*Task directions:*
Give the data again exactly as written, skipping any pictures.

*Data below:*

· · ·

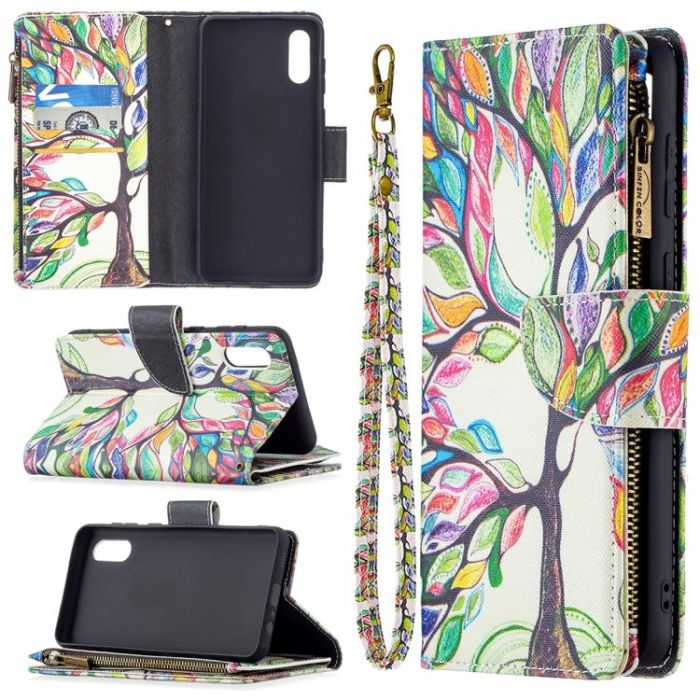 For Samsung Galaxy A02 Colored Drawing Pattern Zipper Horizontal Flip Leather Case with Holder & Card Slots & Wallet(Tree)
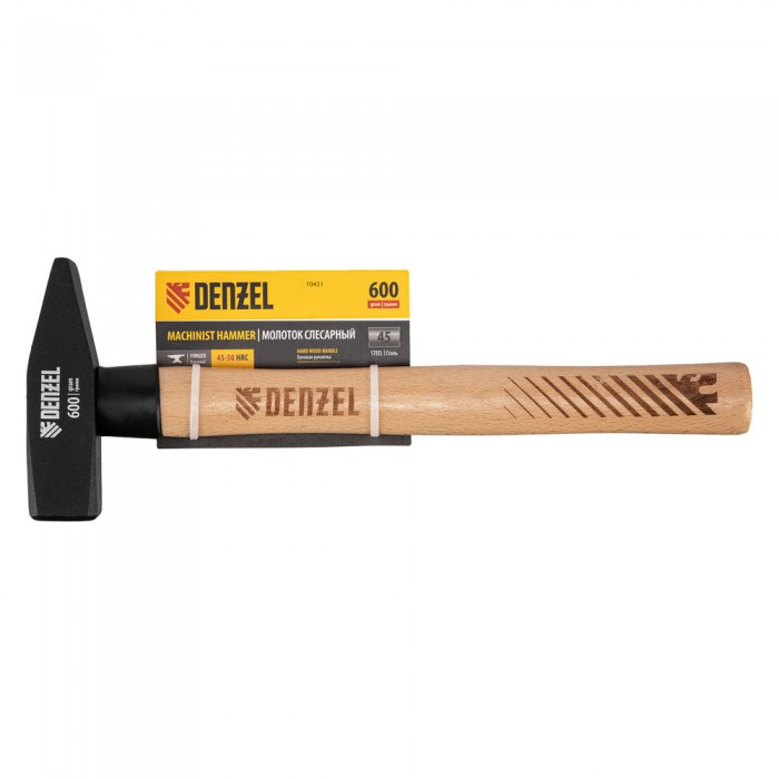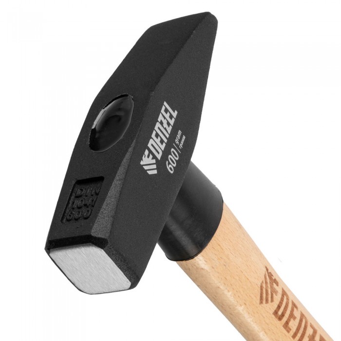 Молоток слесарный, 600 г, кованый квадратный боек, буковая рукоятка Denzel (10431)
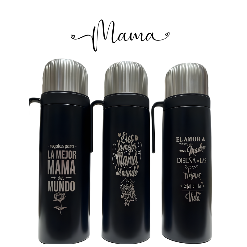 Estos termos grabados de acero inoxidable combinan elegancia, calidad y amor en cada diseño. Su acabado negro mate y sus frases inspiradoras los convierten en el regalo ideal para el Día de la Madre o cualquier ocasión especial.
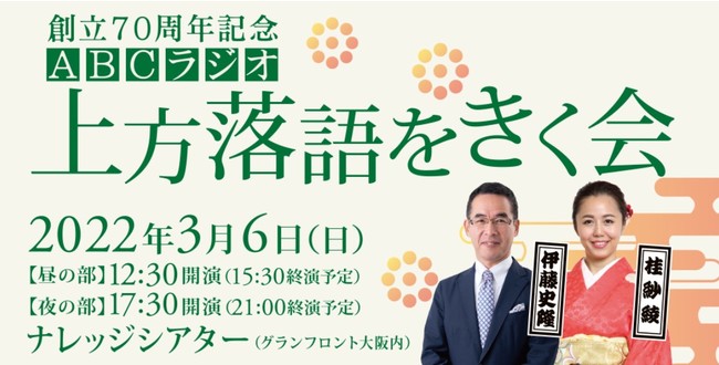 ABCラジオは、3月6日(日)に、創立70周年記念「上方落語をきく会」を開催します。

· · ·

*Task output:*
 For Samsung Galaxy A02 Colored Drawing Pattern Zipper Horizontal Flip Leather Case with Holder & Card Slots & Wallet(Tree)
 Молоток слесарный, 600 г, кованый квадратный боек, буковая рукоятка Denzel (10431)
 Estos termos grabados de acero inoxidable combinan elegancia, calidad y amor en cada diseño. Su acabado negro mate y sus frases inspiradoras los convierten en el regalo ideal para el Día de la Madre o cualquier ocasión especial.
 ABCラジオは、3月6日(日)に、創立70周年記念「上方落語をきく会」を開催します。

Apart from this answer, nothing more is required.